Energy Future Holdings (EFH), the parent company of Texas utility giants Luminant and Oncor Electric, is winding down what has become one of the longest and most unpredictable corporate bankruptcies in recent memory. Its success now rests in the hands of Texas regulators.

EFH has kept the restructuring community guessing (and its lawyers busy with billable hours) as it jumped from one reorganization strategy to the next over the past three years, hitting a new roadblock every time it seemed like its path to freedom was cleared. Earlier this week, ahead of yet another plan confirmation hearing, EFH finagled last-minute deals with two of its combative creditor groups, leaving only a group of asbestos claimants to contend with. The hearing is ongoing in Delaware, but EFH will most likely see its plan confirmed by next week.

EFH was known as TXU Corp until a historic $45 billion leveraged buyout by KKR, Goldman Sachs and TPG Capital in 2007. Falling energy prices quickly crippled the company – Berkshire Hathaway sold its investment in the company in 2013, at a loss of $873 million – and the company filed its bankruptcy in April 2014, laden with $40 billion in debt. The company touted a deal with certain creditors that would spin off the Luminant side of the business without incurring a significant tax liability and allow unsecured creditors to take over the remaining Oncor side. Three months later, the deal was scrapped as interest in Oncor grew and hefty intercompany claims between the two EFH sides surfaced.

In the years since, EFH’s restructuring proposals have shifted in the face of warring creditor groups, litigation over make-whole premiums certain senior creditors said they were owed, and outside regulatory rulings. In late 2015, the company thought it found the solution: the tax-free spinoff of its Texas Competitive Electric Holdings (TCEH) subsidiary, which included Luminant, and the sale of Oncor to Texas oil group Hunt Consolidated and a team of unsecured creditors. Oncor would be converted into a real estate investment trust (REIT) through the transaction.

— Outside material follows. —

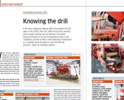 USED MACHINERY: If the once ubiquitous Massey MF30 dominated UK drill sales in the 1970s, then the 1980s Accord DA, perched atop a power harrow, was its nemesis. The power harrow drill went on to…

Following a lengthy and hotly contested hearing in Delaware bankruptcy court, a judge signed off on the deal. But the sale of Oncor, as the regulated side of EFH, still needed the green light from the Public Utility Commission of Texas (PUCT). The commission wasn’t willing to let the buyers keep a $250 million tax benefit arising from the REIT conversion for themselves, and approved the deal on the condition that the benefit be shared with energy consumers. The Hunt deal soon fell apart.

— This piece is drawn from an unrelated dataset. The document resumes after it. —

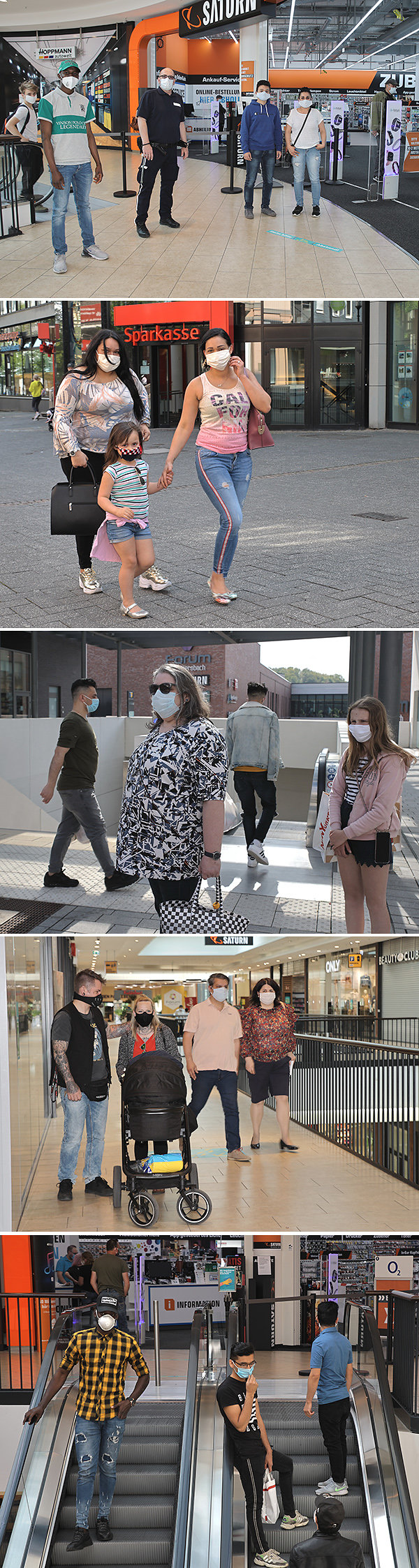 Aber es ist mitnichten so, als hätten die beiden Ordnungsamts-Mitarbeiter nichts zu tun. Am Imbiss und vor der Eisdiele wird den Hungrigen ruhig und sachlich erklärt, warum der Verzehr im 50-Meter-Umfeld nicht gestattet ist. "Man muss reden können und natürlich den neuesten Stand der Verordnungen kennen", sagt Ingrun Trippler. Insgesamt ist in den Gummersbacher Geschäften nicht besonders viel los. Das gilt auch für das "Forum". Wer hier um Einlass begehrt, kommt ohne Mundschutz nicht hinein. Die Kontrollen des hauseigenen Sicherheitsdienstes lassen keine Ausnahme zu. Allerdings - von der Pflicht der Abdeckung von Mund und Nase ausgenommen sind Menschen, die zum Beispiel als Kassiererin durch eine Abtrennung aus Plexiglas oder Glas geschützt sind, sowie Kinder, die noch nicht zur Schule gehen. Ebenso Bus- und Taxifahrer. Außerdem Menschen, die aus medizinischen Gründen keine Maske tragen und dies nachweisen können.

EFH lawyers scrambled to assure the bankruptcy court and creditors that they were not back to square one. The proposed TCEH spinoff was still intact, but the company would have to go through the process of securing court approval of newly-filed plans for both sides of the company. It was able to do so for the TCEH transaction, which was approved again in August and went into effect in October.

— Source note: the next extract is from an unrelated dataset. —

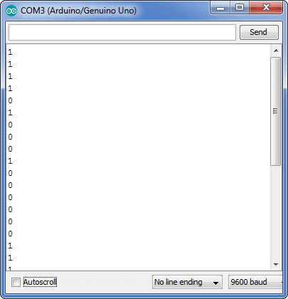 Запустив скетч и не нажимая кнопку, убеждаемся в том, что состояние пина 8 меняется даже от обычного прикосновения к проводу — совершенно непредсказуемым образом. |

By this time, EFH had lined up a deal to sell Oncor to Florida-based NextEra Energy, which had been angling for the acquisition since the outset of the bankruptcy. The sale values Oncor at about $19 billion. The company drummed up another plan based on this sale, but in November received an unwelcome surprise from an appeals court finding it liable for those make-whole premiums – extra fees for early loan repayment – which added up to around $660 million. The decision forced EFH to rejigger the distribution of funds to pay off its creditors, leading to a fight with those make-whole creditors over whether the plan reserved enough to cover the full amount of their claims.

This week’s settlement deals were with two of those make-whole creditor groups, offering them 95 percent or 87.5 percent of their claim amounts, depending on their priority in the debt structure.

Now, EFH is almost back to where its journey derailed last year: PUCT approval. But with no REIT aspect of the NextEra sale, the company’s odds seem a little more favorable this time around. The PUC plans to hold open meetings to discuss the matter starting February 21.